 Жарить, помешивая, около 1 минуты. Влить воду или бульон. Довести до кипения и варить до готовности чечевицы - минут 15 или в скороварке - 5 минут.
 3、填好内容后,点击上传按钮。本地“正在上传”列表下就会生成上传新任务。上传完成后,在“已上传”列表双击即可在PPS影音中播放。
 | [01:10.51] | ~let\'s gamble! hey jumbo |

---

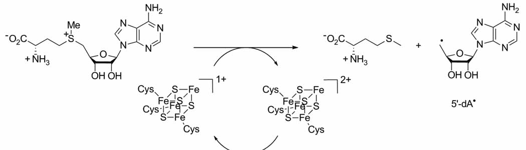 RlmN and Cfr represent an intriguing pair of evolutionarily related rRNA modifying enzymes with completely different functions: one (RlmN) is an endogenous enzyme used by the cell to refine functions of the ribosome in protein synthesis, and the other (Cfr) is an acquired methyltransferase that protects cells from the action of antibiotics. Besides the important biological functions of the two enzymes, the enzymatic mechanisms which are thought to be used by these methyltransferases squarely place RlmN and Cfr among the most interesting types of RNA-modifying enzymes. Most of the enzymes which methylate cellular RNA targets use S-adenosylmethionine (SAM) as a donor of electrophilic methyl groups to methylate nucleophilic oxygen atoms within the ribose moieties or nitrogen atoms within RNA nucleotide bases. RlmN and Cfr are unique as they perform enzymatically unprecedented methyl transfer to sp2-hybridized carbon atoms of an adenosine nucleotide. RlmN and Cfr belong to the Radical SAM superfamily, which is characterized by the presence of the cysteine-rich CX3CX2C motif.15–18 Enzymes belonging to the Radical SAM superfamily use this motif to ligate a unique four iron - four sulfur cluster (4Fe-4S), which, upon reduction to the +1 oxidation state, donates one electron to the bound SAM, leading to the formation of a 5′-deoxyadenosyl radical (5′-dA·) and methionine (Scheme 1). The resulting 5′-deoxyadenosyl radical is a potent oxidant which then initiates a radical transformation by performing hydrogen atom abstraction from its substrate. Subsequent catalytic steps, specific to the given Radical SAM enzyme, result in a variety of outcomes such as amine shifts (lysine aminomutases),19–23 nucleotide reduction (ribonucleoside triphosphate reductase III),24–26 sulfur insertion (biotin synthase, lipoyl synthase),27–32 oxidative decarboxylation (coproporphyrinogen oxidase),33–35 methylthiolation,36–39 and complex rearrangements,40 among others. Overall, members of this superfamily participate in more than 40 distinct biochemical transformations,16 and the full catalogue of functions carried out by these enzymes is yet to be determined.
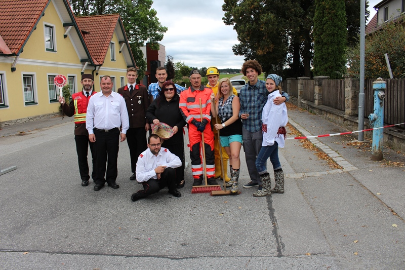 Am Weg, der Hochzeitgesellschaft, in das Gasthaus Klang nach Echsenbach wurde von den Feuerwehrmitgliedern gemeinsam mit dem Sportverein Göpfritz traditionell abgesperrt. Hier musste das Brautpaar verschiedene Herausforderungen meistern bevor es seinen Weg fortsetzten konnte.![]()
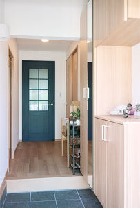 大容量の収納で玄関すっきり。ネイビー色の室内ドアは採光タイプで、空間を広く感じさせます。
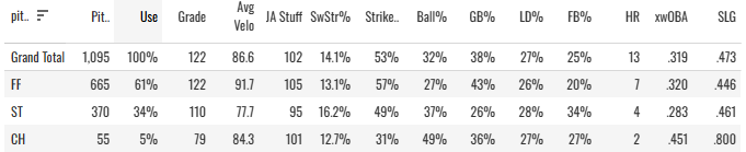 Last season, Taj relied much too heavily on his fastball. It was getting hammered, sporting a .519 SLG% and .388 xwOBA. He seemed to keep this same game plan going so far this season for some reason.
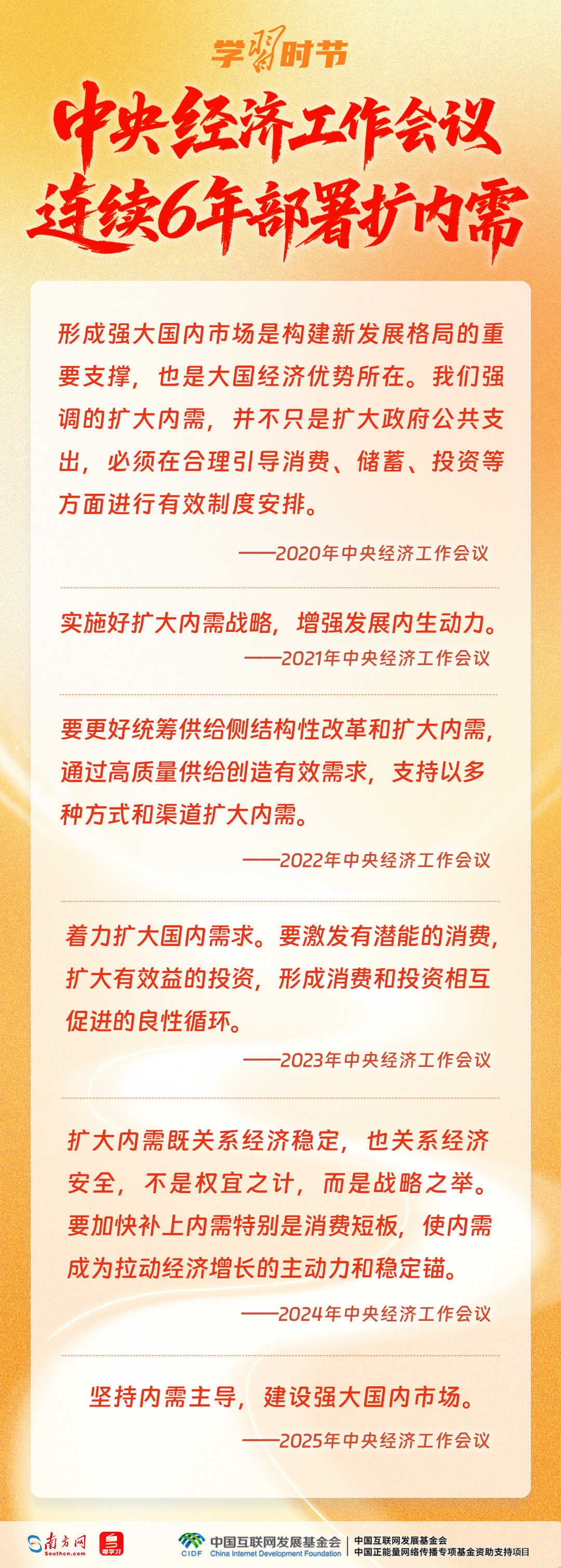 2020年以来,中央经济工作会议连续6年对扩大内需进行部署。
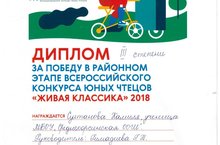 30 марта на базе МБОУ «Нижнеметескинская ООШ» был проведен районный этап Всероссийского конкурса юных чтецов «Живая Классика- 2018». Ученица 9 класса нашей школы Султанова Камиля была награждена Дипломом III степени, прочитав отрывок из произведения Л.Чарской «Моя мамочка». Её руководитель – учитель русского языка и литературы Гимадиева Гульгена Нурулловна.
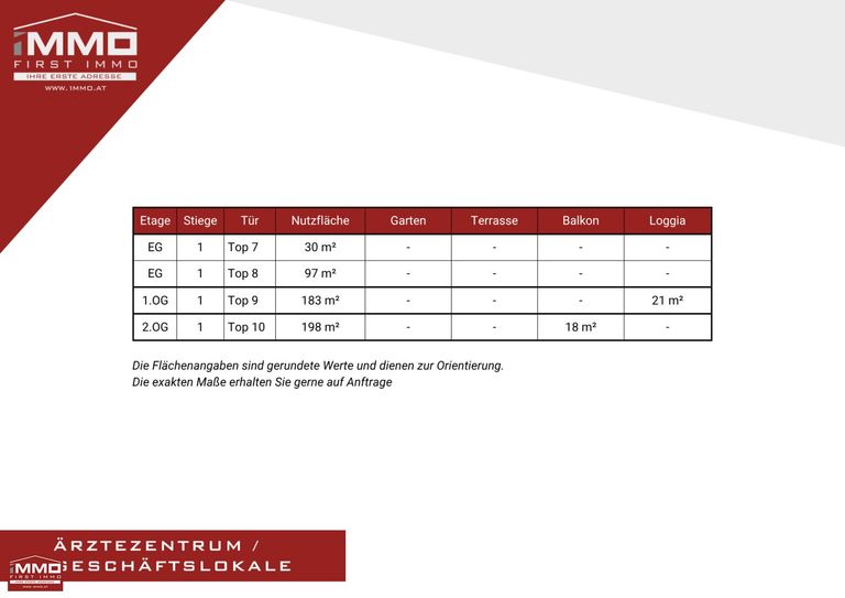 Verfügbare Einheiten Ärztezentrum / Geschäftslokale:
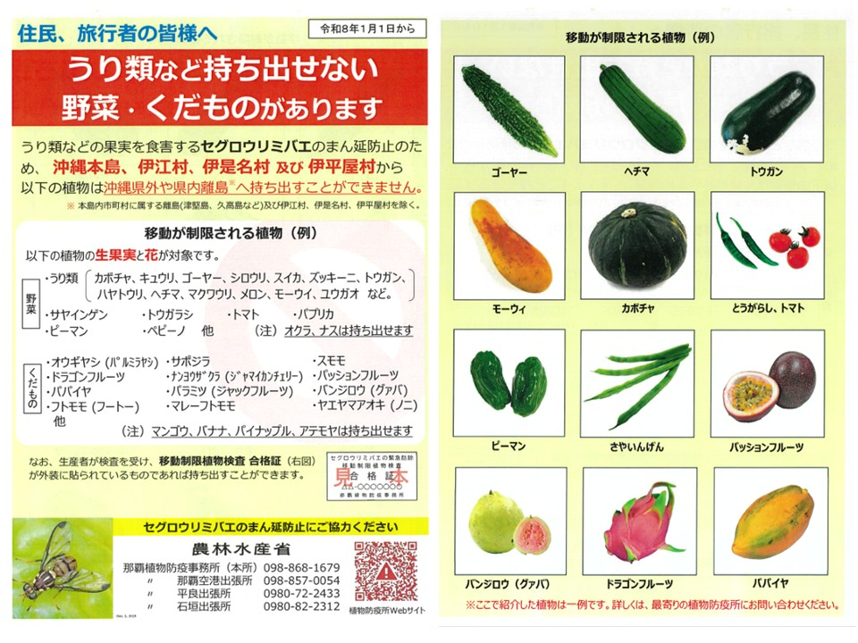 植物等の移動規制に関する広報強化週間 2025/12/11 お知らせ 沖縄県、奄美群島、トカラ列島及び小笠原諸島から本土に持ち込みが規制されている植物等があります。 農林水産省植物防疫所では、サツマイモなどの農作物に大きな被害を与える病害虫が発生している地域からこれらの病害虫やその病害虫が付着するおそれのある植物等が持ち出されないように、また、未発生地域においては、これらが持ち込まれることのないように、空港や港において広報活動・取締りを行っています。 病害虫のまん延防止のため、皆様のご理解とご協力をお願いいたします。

---

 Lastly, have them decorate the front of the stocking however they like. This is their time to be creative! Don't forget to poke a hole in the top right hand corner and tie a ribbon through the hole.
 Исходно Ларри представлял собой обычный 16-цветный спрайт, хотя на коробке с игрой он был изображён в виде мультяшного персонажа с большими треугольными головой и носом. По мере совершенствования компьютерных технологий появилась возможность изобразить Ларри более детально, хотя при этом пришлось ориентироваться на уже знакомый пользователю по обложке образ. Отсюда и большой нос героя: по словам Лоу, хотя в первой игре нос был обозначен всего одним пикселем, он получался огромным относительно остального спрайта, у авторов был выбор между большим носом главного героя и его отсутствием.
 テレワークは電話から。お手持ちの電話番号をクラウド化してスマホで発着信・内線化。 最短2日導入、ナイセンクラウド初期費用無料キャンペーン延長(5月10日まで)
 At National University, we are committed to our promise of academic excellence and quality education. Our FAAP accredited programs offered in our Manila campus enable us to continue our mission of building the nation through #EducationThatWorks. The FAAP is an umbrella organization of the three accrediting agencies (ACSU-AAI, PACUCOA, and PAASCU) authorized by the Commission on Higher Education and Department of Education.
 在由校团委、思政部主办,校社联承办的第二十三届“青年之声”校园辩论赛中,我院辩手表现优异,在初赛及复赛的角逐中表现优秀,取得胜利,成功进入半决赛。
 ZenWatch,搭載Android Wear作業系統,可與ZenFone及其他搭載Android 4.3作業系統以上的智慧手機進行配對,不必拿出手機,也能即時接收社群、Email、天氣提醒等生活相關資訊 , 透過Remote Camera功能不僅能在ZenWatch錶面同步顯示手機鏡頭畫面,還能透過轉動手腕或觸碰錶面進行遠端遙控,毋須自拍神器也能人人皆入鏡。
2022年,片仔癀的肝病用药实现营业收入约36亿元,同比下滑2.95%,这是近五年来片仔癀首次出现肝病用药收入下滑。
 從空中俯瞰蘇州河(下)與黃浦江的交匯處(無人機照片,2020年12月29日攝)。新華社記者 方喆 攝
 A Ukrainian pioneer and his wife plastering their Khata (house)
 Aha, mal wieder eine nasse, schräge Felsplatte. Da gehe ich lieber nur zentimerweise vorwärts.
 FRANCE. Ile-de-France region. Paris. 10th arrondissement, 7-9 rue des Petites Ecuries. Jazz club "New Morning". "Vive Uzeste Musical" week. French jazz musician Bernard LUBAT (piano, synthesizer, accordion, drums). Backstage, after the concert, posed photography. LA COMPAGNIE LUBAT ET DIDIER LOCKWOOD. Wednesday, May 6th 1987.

**PROBLEM TO SOLVE:**
Starting at the line containing "Last season, Taj" and stopping at the line containing "2020年以来,中央经济工作会议连续6年对扩大内需进行部署。", output each line exactly as it appears above. Leave out the pictures.

**ANSWER FOR THIS EXERCISE:**
 Last season, Taj relied much too heavily on his fastball. It was getting hammered, sporting a .519 SLG% and .388 xwOBA. He seemed to keep this same game plan going so far this season for some reason.
 2020年以来,中央经济工作会议连续6年对扩大内需进行部署。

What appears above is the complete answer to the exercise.